Principaux renseignements
- Les autorités internationales ont démantelé un réseau de trafic qui expédiait illégalement 4 200 tonnes de déchets textiles de l’Italie vers la Turquie.
- Le crime organisé génère des profits illicites en étiquetant de manière trompeuse des matières dangereuses afin d’échapper aux coûts élevés du recyclage.
- Les pays de l’UE réclament désormais des réglementations plus strictes pour lutter contre la « fast fashion » et la mauvaise gestion systémique des déchets.
Une opération conjointe menée par l’Office européen de lutte antifraude (OLAF), les douanes turques et les carabiniers italiens a permis de démanteler un important réseau de trafic illégal qui exportait 4 200 tonnes de déchets textiles de l’Italie vers la Turquie.
Ce trafic concernait principalement des matériaux riches en fibres acryliques, réputées difficiles à traiter et pouvant persister dans l’environnement pendant deux siècles.
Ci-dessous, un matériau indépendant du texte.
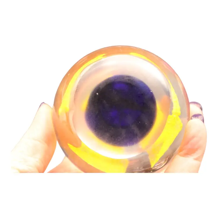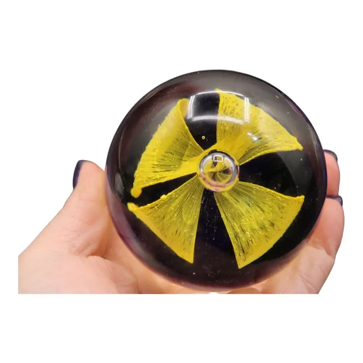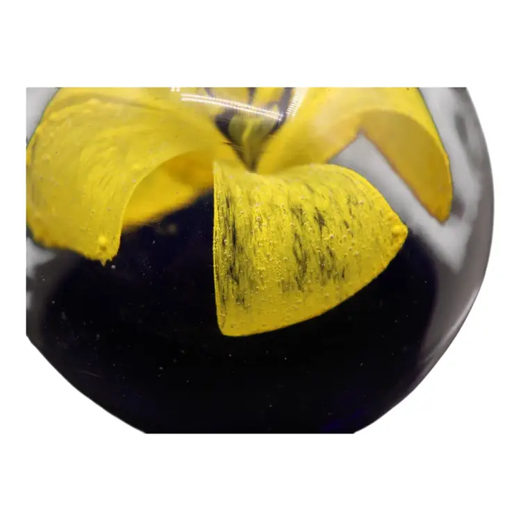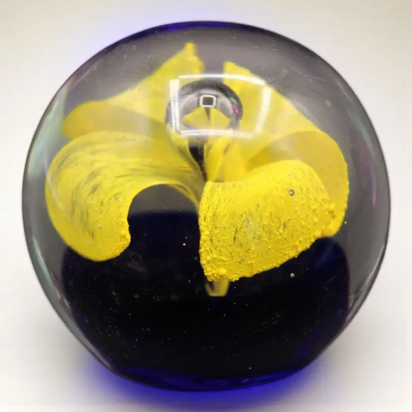Cobalt Blue with Lacy Yellow Flower & Center Bubble 2 1/2” Tall 1#1oz. No chips or cracks.
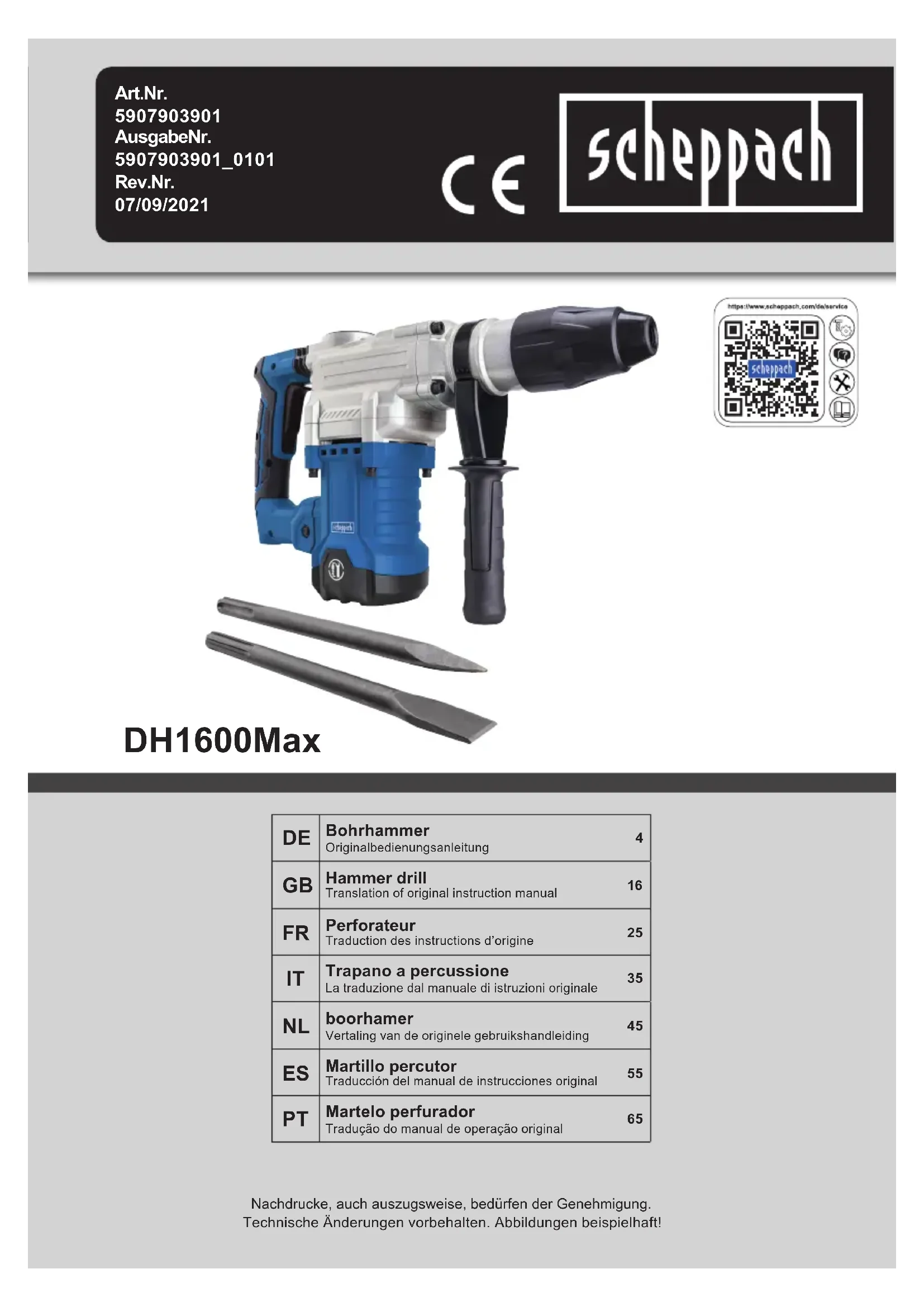 Retrouvez gratuitement la notice de l'appareil DH1600Max SCHEPPACH au format PDF.

Afin de contourner les réglementations coûteuses en matière d’élimination des déchets et les obligations environnementales, les auteurs auraient faussement étiqueté les cargaisons.
Fraude à grande échelle
L’ampleur de la fraude s’est révélée plus vaste lors d’inspections conjointes menées en Turquie. Au-delà de l’envoi initial, les autorités ont découvert 2 100 tonnes supplémentaires de déchets dans un entrepôt de recyclage non conforme, ainsi que 768 tonnes de textiles italiens mal étiquetés en attente d’une élimination illégale au port de Mersin.
En Italie, cette opération a donné lieu à des perquisitions à Brescia, où les autorités ont saisi une flotte de véhicules de transport, des locaux d’entreprise et environ 12 millions d’euros d’actifs.
Petr Klement, directeur général de l’OLAF, a souligné que ces activités frauduleuses permettent aux réseaux de criminalité organisée de générer des profits illicites en se soustrayant aux coûts de recyclage. Il a insisté sur la nécessité d’une coopération mondiale pour contrecarrer les crimes environnementaux qui menacent à la fois la stabilité écologique et l’intégrité économique.
Crise européenne des déchets textiles
Cet incident met en évidence une crise plus large au sein de l’UE, où le chiffre d’affaires colossal de l’industrie de l’habillement est contrebalancé par la difficulté à gérer les déchets textiles. En 2019, seuls environ 20 pour cent des 12,6 millions de tonnes de déchets textiles européens ont été collectés en vue de leur recyclage ou de leur réutilisation, le reste étant souvent destiné aux incinérateurs ou aux décharges des pays du Sud.
Pour lutter contre ce phénomène, la Commission européenne met en œuvre dès 2025 des règles plus strictes en matière de gestion des déchets afin d’empêcher l’exportation de déchets déguisés en produits réutilisables.
Fast fashion
Parallèlement à ces efforts de mise en application, la France et quatre autres pays de l’UE militent en faveur de politiques plus énergiques contre la « fast fashion ». Cette coalition fait valoir que les modèles économiques utilisés par des plateformes telles que Temu et Shein encouragent une consommation non durable et submergent les infrastructures de gestion des déchets.
Elle exhorte la Commission à renforcer la surveillance des places de marché en ligne, à combler les lacunes réglementaires de la loi sur l’économie circulaire et à mettre en œuvre des systèmes de responsabilité des producteurs plus stricts afin de favoriser un système de recyclage circulaire.